Quedan lejanos los tiempos en que Locke establecía como funciones del Estado sólo la protección del ciudadano (libertad, seguridad, propiedad) y la impartición de justicia. Todo lo demás quedaba en el ámbito privado. Era necesario hacer este Estado neutral desde el punto de vista moral y religioso después de la dolorosa ruptura de la Cristiandad y de las guerras religiosas que asolaron Europa. Este primigenio Estado liberal, que tiene su primera manifestación en Inglaterra, en la Gloriosa de 1688, se fundamenta en esta idea de la tolerancia y la neutralidad moral y supone el primer germen del Estado democrático moderno. Sin embargo, el sentido de la historia en los países occidentales ha sido otro: ir aumentado este primer ámbito reducido hasta extenderlo a un tamaño que algunos pueden considerar megalómano. El Estado se convierte en una enorme máquina que está presente en todos los aspectos de la vida de los ciudadanos. La mayoría de la gente (el estatismo, que en España está extendido igualmente en la derecha como en la izquierda) no ve en este fenómeno una amenaza, sino una garantía. Se ve bien, por ejemplo, que el Estado sirva de contrapeso a las desigualdades «naturales» de la sociedad, repartiendo las riquezas, o que se inmiscuya en los hábitos alimenticios o de ocio. Hay una minoría (los que siguen las viejas ideas liberales) que contemplan esta capacidad extensiva como una amenaza a la que hay que poner coto. Esta es la cuestión de fondo: ¿Puede el Estado seguir invadiéndolo todo como una hidra de mil cabeza? ¿Puede, incluso, invadir el terreno moral y convertirse en dispensador de pautas éticas, es decir, en «educador» en el sentido radical del término? Todas estas cavilaciones vienen, como habrá supuesto el lector, a cuento de la famosa Educación para la Ciudadanía (por cierto, me gusta más la palabra civismo) y de la oposición de lo obispos a esta nueva materia escolar.

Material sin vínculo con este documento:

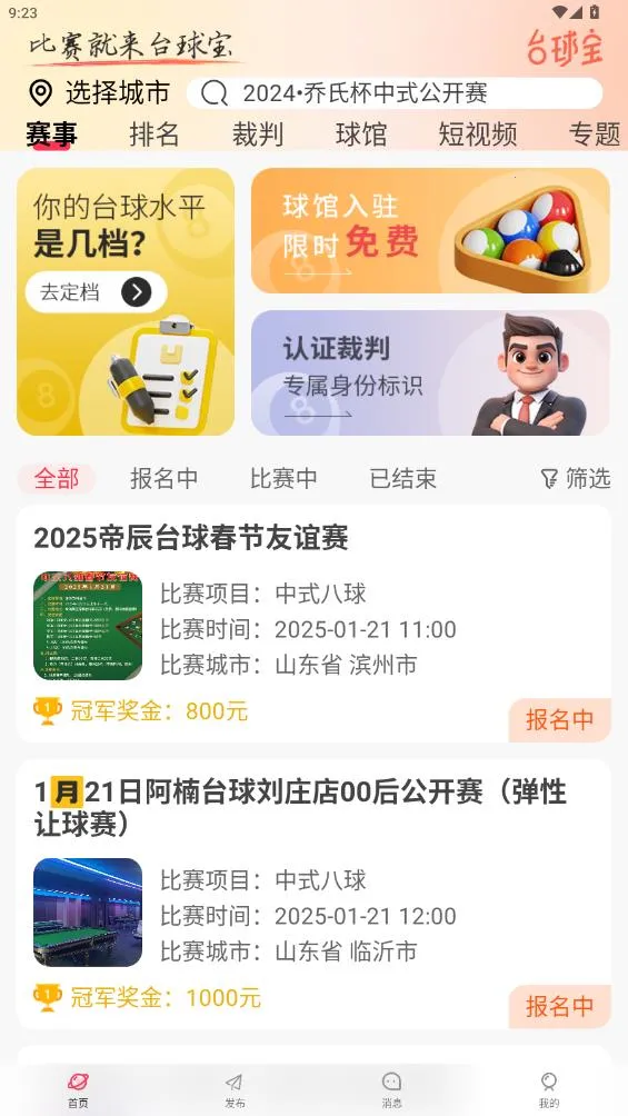 如果你想知道“台球宝贝是什么意思”,那台球宝app能给你答案。它是台球爱好者的聚集地,有丰富功能。赛事系统能呈现各类精彩赛事,可在线看也能报名参与,感受赛场氛围。球馆功能展示周边球馆信息,方便找合适场所。短视频板块有技巧分享等,助你轻松提升球技。商城有海量台球器材满足购物需求。特色方面,视频直播清晰流畅,能记录分享精彩,还能结交球友。专业完整的赛事功能支持复杂赛事,不用担心规则和管理问题。丰富资讯信息,找球馆、买器材等需求都能满足。注册登录后,设置比赛用名,通过赛事列表或搜索栏搜索赛事名称就能报名。总之,台球宝app能一站式解决你在台球方面的各种需求,带来诸多便利,快来下载享受台球乐趣吧!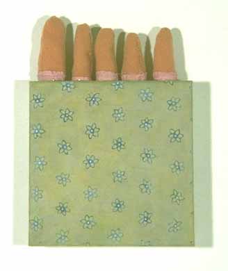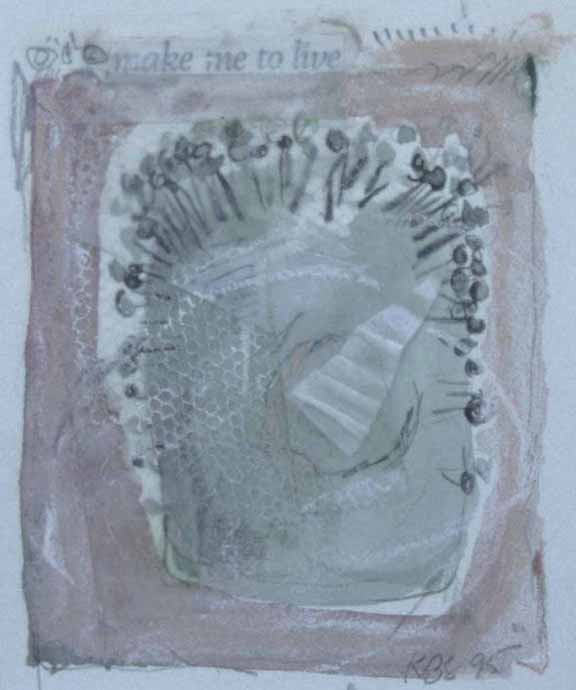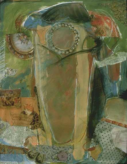 5"h x 4"w, watercolor, pencil, pastel, paper & fabric on paper, 1995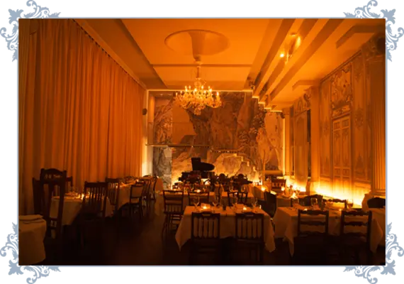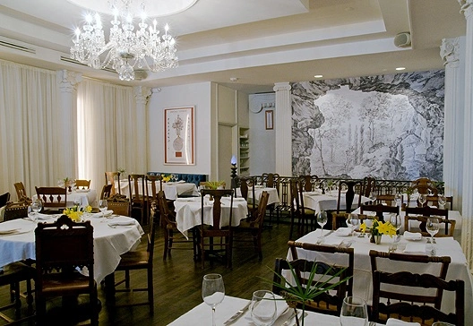 "Walls are decorated with blown up etchings of ornate side entrances to European country mansions...preparations are calculated and flavors are often piquant."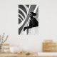 Make a striking statement with this captivating black and white art print, a masterful display of avant-garde fashion and architectural photography. This compelling profile portrait features a woman of enigmatic poise, adorned with sleek round sunglasses and a dramatic black caped ensemble, fastened with an ornate circular brooch. Her dark skin creates a mesmerising contrast against the backdrop of an abstract, curving modern architecture, with light and shadow playing across the lines. Her elegant black turban and long leather gloves complete a look of sophisticated mystery and futuristic chic. Leaning gracefully on a textured wall, this artwork embodies a confident and timeless presence. Perfect for modern living spaces, fashion studios, or any decor seeking a touch of unique elegance, bold artistry, and a truly unforgettable visual narrative.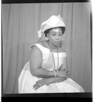 A photograph of five children. Three girls are wearing dresses; two of which are standing profile view and the other is standing full frontal view in the studio. They are in front of two boys who are wearing shirts and shorts, standing full frontal view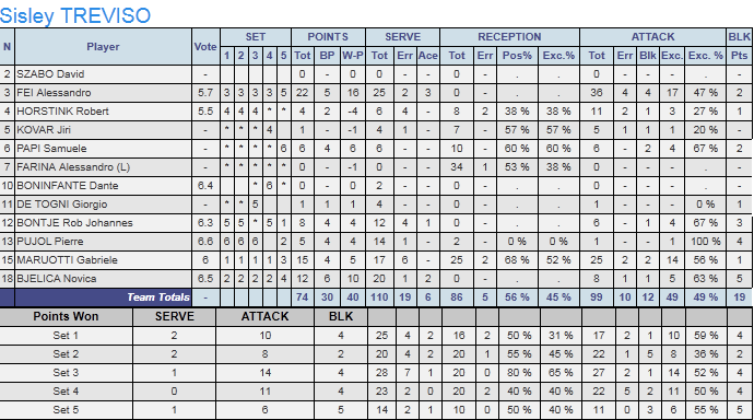 Sisley Treviso: Maruotti xxx, Bjelica xxx, Fei xxxx, Horstink x, Bontje xxx, Puyol xxx, Farina (L) xx, Papi xxx, Kovar xx, De Togni x, Boninfante x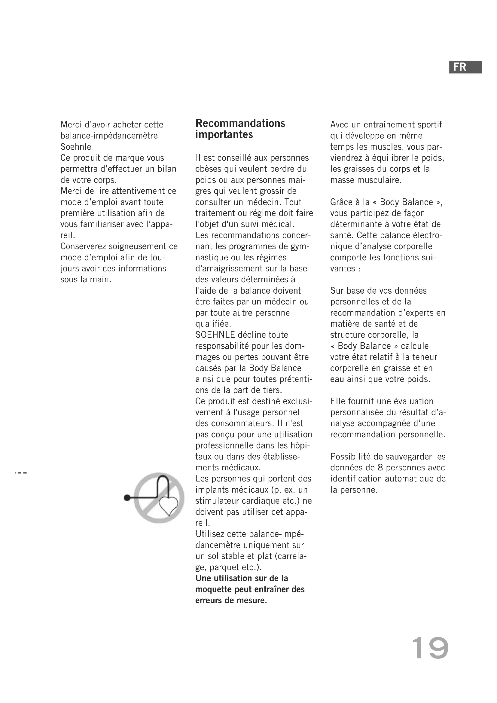 SOEHNLE decline toute responsabilité pour les dommages ou pertes pouvant etre causés par la Body Balance ainsi que pour toutes prétentions de la part de tiers.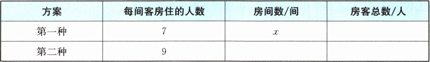 | 方案 | 每间客房住的人数 | 房间数/间 | 房客总数/人 |

Los obispos no protestan por el contenido de esta asignatura, que por otro lado, dependerán en una gran parte del centro, del profesor, de diversas circunstancias. Los obispos, algunos católicos y también algunos no católicos piensan que esta función moralizadora no compete al Estado, sino al ámbito privado: sobre todo familia, pero también el ambiente de los amigos, los órganos intermedios, iglesias, realidades sociales todas anteriores al Estado y cuyo espacio de actuación ha de ser respetado.

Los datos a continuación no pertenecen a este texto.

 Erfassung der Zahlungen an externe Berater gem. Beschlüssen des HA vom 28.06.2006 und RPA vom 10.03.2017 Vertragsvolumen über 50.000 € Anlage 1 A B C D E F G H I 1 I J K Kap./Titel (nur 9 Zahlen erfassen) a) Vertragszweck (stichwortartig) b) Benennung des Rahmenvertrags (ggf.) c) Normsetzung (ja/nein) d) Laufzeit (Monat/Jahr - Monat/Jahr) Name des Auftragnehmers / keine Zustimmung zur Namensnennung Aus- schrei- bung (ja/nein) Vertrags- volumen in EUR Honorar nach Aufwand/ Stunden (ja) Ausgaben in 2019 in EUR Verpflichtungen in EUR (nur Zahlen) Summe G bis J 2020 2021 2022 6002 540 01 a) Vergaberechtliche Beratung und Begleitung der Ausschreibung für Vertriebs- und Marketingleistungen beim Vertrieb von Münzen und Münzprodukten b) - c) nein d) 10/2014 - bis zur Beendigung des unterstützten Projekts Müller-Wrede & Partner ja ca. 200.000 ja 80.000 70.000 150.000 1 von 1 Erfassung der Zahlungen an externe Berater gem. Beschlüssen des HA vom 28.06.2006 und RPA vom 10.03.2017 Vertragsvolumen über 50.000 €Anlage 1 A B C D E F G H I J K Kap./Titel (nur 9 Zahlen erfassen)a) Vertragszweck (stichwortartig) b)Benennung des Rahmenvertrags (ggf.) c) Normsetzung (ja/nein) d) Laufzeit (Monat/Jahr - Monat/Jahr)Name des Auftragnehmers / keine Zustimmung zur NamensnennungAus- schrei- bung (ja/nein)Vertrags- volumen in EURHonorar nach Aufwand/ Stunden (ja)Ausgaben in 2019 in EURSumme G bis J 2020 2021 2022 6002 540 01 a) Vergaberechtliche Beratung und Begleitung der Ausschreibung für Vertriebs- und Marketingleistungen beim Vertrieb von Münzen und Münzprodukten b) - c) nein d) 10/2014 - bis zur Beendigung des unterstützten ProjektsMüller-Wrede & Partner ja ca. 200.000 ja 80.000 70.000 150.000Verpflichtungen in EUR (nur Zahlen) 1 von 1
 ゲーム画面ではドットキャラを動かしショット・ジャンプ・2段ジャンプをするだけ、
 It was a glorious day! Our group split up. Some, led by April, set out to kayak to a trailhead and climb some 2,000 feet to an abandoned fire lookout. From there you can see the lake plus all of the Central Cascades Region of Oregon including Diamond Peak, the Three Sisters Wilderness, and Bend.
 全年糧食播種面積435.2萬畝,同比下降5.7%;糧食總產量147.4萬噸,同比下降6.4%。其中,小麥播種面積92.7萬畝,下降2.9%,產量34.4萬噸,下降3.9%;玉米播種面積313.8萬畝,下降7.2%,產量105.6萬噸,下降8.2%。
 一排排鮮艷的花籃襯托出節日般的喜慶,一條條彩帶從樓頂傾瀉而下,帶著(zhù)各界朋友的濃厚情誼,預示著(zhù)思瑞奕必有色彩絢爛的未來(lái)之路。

Hay otra cuestión no tan teórica y que entra en terreno de la sospecha. Muchos temen —no sin fundamento— que ese elenco de valores, supuestamente indiscutibles y consensuados, sea algo parecido a la «visión del mundo» que transmiten, por ejemplo, las prédicas periodísticas de Iñaki Gabilondo o Sardá, el cine de Almodóvar, el discurso intelectual (?) de Ramoncín o Rosa RegÁ s o las ideas económicas de Ignacio Ramonet. Es decir, la izquierda postmoderna, ya no marxista ni rompedora con el capitalismo, sino moralizante y directora de los usos y costumbres. Izquierda cuyas ideas pueden resultar respetables, pero que distan de ser, como algunos parecen pretender, un conjunto de valores sin discusión posible, una especie de Declaración Universal de los Derechos Humanos.

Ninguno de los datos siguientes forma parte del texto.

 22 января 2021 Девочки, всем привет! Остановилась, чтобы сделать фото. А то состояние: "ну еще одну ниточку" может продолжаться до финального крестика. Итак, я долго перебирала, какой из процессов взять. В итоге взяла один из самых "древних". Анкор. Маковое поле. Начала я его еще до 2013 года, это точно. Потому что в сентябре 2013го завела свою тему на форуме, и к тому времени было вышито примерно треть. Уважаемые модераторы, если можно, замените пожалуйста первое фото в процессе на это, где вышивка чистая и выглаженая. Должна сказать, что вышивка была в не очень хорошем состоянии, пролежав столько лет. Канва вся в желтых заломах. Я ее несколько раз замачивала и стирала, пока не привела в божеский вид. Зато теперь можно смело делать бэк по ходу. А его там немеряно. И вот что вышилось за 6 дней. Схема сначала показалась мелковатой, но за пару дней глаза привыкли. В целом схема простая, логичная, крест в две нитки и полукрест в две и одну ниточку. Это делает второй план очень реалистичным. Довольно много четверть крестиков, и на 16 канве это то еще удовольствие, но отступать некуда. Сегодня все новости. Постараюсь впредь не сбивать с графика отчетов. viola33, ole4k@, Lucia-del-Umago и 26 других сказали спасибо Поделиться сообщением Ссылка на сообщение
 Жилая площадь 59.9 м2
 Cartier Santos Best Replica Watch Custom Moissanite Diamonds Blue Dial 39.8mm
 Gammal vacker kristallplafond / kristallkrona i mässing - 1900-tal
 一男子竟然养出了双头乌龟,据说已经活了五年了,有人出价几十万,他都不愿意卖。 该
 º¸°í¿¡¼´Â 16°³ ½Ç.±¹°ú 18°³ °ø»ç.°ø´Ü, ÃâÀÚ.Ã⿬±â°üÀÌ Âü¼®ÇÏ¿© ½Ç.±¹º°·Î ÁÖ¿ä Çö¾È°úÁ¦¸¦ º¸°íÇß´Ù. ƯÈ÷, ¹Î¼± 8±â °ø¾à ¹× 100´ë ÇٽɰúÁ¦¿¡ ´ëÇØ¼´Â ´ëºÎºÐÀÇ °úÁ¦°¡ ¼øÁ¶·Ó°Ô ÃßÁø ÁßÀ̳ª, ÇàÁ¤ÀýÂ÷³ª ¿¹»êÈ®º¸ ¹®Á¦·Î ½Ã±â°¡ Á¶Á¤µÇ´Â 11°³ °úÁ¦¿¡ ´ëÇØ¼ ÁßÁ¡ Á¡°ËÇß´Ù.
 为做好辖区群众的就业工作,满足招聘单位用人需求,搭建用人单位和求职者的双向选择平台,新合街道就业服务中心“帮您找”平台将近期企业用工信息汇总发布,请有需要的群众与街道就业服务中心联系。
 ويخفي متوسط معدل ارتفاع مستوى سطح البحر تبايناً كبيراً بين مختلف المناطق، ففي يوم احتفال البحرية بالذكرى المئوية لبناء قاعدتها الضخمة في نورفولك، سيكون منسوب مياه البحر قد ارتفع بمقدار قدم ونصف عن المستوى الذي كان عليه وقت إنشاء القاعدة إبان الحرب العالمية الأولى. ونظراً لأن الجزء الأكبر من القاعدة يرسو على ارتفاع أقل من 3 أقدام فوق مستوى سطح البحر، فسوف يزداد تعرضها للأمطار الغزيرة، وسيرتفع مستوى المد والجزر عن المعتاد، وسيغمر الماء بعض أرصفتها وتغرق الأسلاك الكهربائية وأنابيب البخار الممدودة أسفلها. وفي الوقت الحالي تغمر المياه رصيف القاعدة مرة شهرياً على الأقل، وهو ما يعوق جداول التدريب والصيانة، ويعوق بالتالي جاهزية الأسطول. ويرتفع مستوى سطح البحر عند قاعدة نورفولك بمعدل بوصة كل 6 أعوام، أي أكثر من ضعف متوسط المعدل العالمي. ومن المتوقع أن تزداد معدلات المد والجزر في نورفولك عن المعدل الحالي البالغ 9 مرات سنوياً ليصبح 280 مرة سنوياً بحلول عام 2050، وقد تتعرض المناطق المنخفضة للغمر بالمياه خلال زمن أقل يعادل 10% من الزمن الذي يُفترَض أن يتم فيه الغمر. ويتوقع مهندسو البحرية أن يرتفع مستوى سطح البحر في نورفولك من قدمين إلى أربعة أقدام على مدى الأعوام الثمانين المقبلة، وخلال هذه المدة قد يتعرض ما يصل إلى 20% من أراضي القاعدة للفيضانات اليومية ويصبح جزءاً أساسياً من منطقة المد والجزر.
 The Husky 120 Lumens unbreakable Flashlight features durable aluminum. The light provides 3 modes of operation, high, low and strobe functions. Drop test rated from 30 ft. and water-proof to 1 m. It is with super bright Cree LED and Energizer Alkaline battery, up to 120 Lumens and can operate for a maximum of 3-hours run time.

Y lo más curioso de todo este asunto es que sean los obispos católicos los que defiendan, casi en solitario en España, la idea liberal de la sociedad civil y la autonomía ciudadana; que defiendan un ámbito propio e irreductible de lo privado. El Cristianismo, ¡qué vueltas da la historia!, se alía con quien tantos encuentros y desencuentros ha tenido: el Liberalismo.